Be ready to respond to questions other people have, but I do not think you should be actively searching for a way to bring up Christian truth.


----------



## J. Dean (Jun 10, 2011)

I usually start by bringing up something with relationship to church, like "In my Bible study last week, the topic of Michigan football came up, and..."

From there, I use it as a springboard to insert more and more about being a Christian, which has been a great way to open the door.

Let me say this, though: the gospel by its very nature is confrontational. Eventually, an unbeliever is confronted with the truth that they are a sinner, that they cannot save themselves, and that only through putting saving faith in Jesus Christ which leads to repentance will one be saved. It's going to happen. That doesn't mean, necessarily, that it will become a shouting match, but it does mean that there are people who will say "I don't want to deal with this or talk about it right now." And when that happens, I say, "Well, anytime you want to bring it up again and talk about it, let me know."
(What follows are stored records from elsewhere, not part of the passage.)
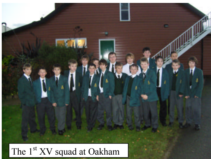
The 1 st XV squad at Oakham

We started well with some strong drives but could not convert the possession into points as we were too far out from their line and each time we got close we managed to drop the ball. After weathering the early storm Oakham regrouped and started to get a good percentage of possession and exhibited some sound, low driving ruck play which earned them a lot of second phase ball; this possession led to two first half tries. After a quick team talk to regroup the side and ensure they focused on the basic skills they came out with more focus in the second half and despite conceding a further try the side soon started to gain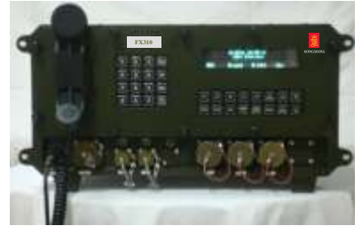
• FX304/FX310 – Field Exchange with 40 or 100 lines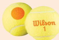
US Open Orange Tournament Ball For ages 9 - 10 WRT137700 3 ball can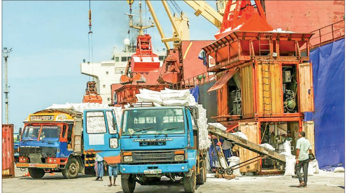
Trucks carrying fertilizer arrive at a port in Colombo. Sri Lanka has been experiencing acute shortages of a range of goods.

A delegation from the International Monetary Fund was due on Wednesday to continue talks with Sri Lankan officials on a bailout.— AFP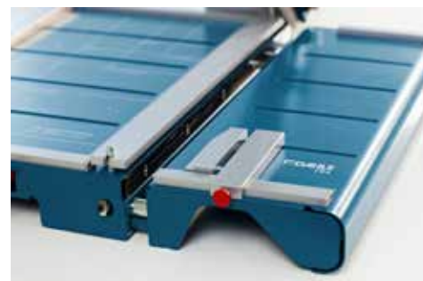
Precision narrow-strip cutting device for cutting extremely thin strips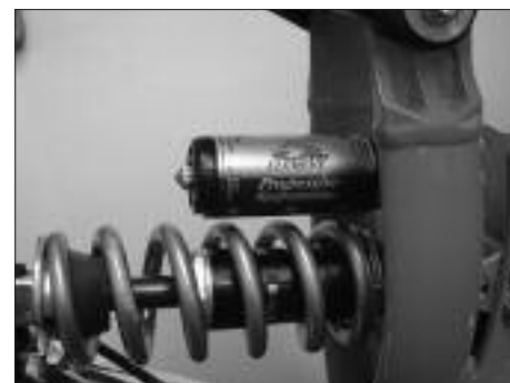
Rearshocks in position « front - top »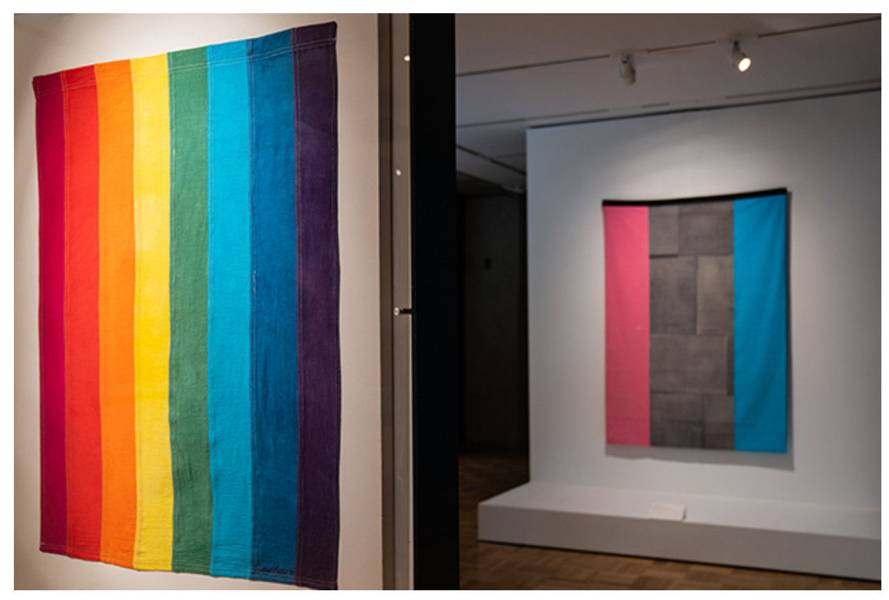
Fig. 6. Installation view, (left to right) Gilbert Baker, Original hand-dyed and sewn 8-color pride flag (1978) and Amanda Curreri, Misfits 1979 (Sex and Art) (2013).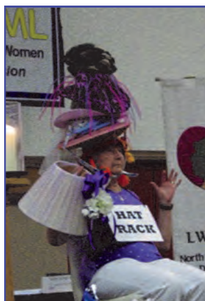
The Christian Life devotion showed us the many, many hats we wear that will be replaced with a golden crown.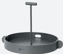
Tray Grey coloured ash

The novelties include line extensions of Objects classics and it introduces Japanese and Swedish design traditions to the collection, adding an exquisite and original expression to your home.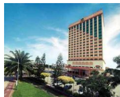
Sunway Hotel Seberang Jaya

And finally: _You are responsible for bearing witness to the truth. You are NOT responsible for changing people. That is God's work, and God's work alone._ This stressed me out in my Arminian days, and it is the reason for a lot of bad practice in Arminian churches and evangelism. You bear witness, you be ready to give an answer. What happens after that is in God's hands. When you realize this, it makes witnessing a whole lot easier on you.


----------



## Philip (Jun 10, 2011)

Nathan, I've found that in whatever context I'm in, the subject comes up. Maybe it's the fact that I ask for all Sundays off, or when traveling in Britain, "I'm going to evensong at the Parish Church, want to come?" I've found that God provides the context, more often than not.


----------



## Kim G (Jun 10, 2011)

It drives me crazy when Christians try to manufacture reasons to talk about their faith in a non-religious setting. It's so contrived and drives people away. Just exhibit good character traits and enjoy being friendly with those around you. One-on-one conversations will eventually come up, like when a coworker has a bad day and knows he/she can talk to you about it because you listen and care. I had multiple chances to talk about the Lord at my job, and I never had to contrive a reason to talk about Him. When people are hurting and need comfort, point them to Christ. When they are mad about a coworker and wonder why you won't gossip with them, point them to Scripture. Stuff like this comes up all the time.


----------



## Goodcheer68 (Jun 10, 2011)

nwink said:


> but is it usually better to try to initiate religious conversation happen with non-Christians (at work, for example)...OR to spur religious conversation off of something that a non-Christian might say?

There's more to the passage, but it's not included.